What is needed. For the data that follows, return each line unchanged and drop the pictures.

───── Data excerpt

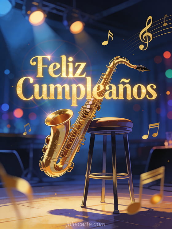Celebra un cumpleaños con esta elegante tarjeta que muestra un saxofón dorado sobre un taburete en un club de jazz, iluminación azul tenue, focos cálidos, notas musicales doradas flotando en el aire y bokeh colorido. Descubre también una tarjeta de cumpleaños romántica o una tarjeta de cumpleaños animada musical.
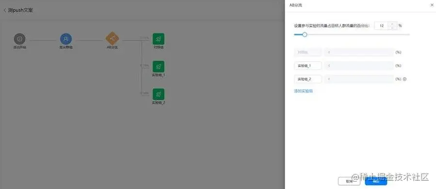 可以根据需求调整目标人群百分比,并根据文案个数调整实验组个数。
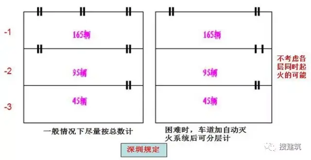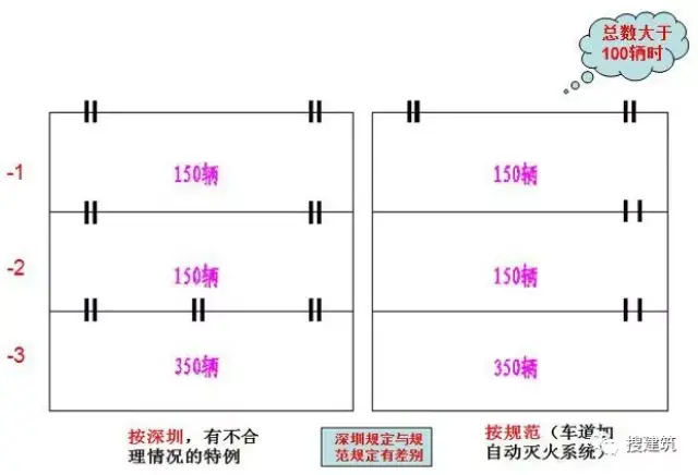 ● 地下汽车库停车数超过300辆时,深圳市项目应设三个坡道出口,其它可按国家及当地要求执行。
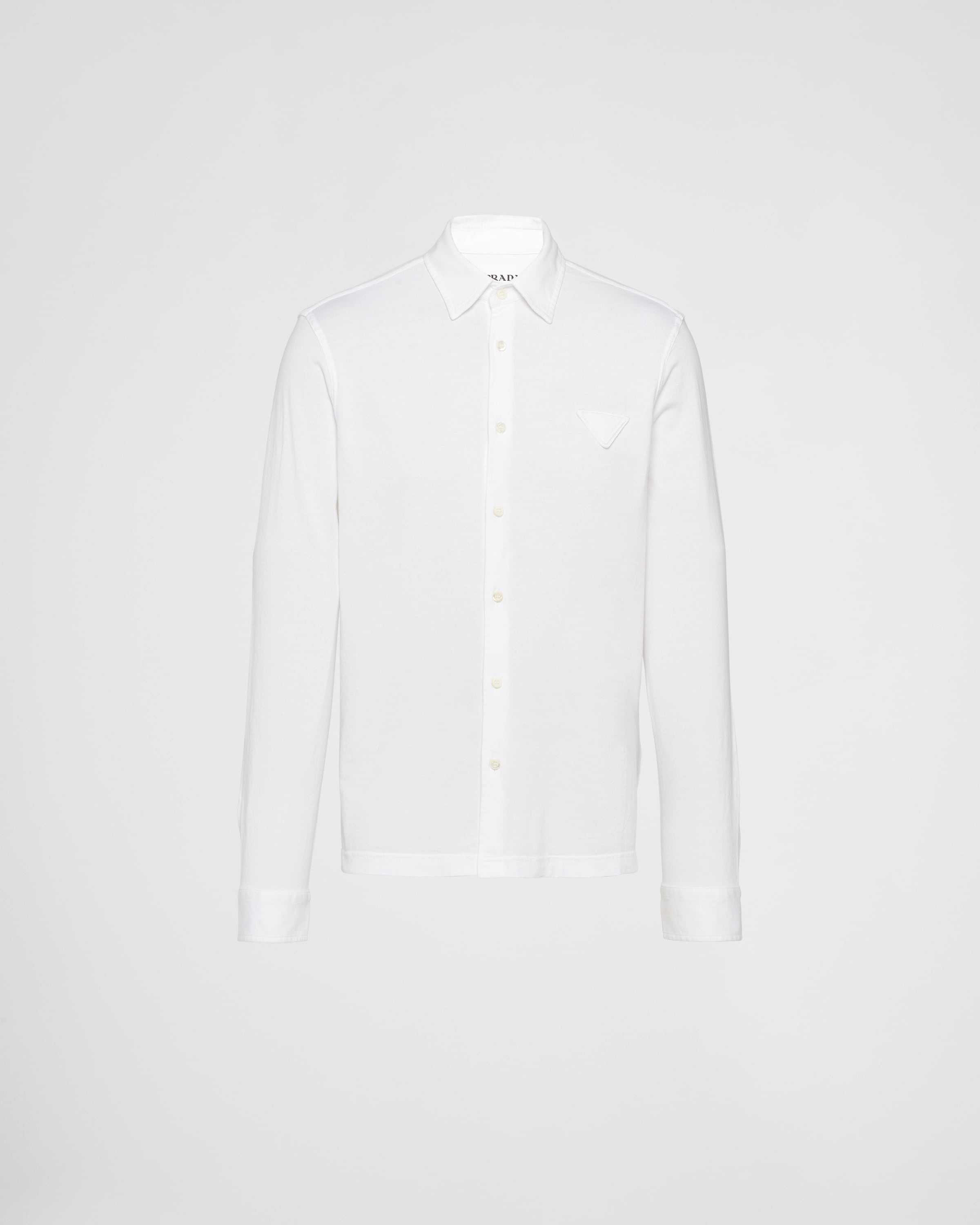 Relaxed allure distinguishes this cotton shirt with a boxy silhouette, an emblem of modern elegance. The simple but refined garment is completed by mother-of-pearl buttons and is decorated with the fabric triangle logo. - Product code: UJL92A_13CC_F0009_S_232 - Boxy fit - Long sleeves. - Straight hem - Mother-of-pearl buttons - Fabric triangle logo - Imported - The model is 188 cm tall and wears a size 48 Height: 72cm MATERIALS Main material: 100% cotton

──────────

Solution to this task.
Celebra un cumpleaños con esta elegante tarjeta que muestra un saxofón dorado sobre un taburete en un club de jazz, iluminación azul tenue, focos cálidos, notas musicales doradas flotando en el aire y bokeh colorido. Descubre también una tarjeta de cumpleaños romántica o una tarjeta de cumpleaños animada musical.
 可以根据需求调整目标人群百分比,并根据文案个数调整实验组个数。
 ● 地下汽车库停车数超过300辆时,深圳市项目应设三个坡道出口,其它可按国家及当地要求执行。
 Relaxed allure distinguishes this cotton shirt with a boxy silhouette, an emblem of modern elegance. The simple but refined garment is completed by mother-of-pearl buttons and is decorated with the fabric triangle logo. - Product code: UJL92A_13CC_F0009_S_232 - Boxy fit - Long sleeves. - Straight hem - Mother-of-pearl buttons - Fabric triangle logo - Imported - The model is 188 cm tall and wears a size 48 Height: 72cm MATERIALS Main material: 100% cotton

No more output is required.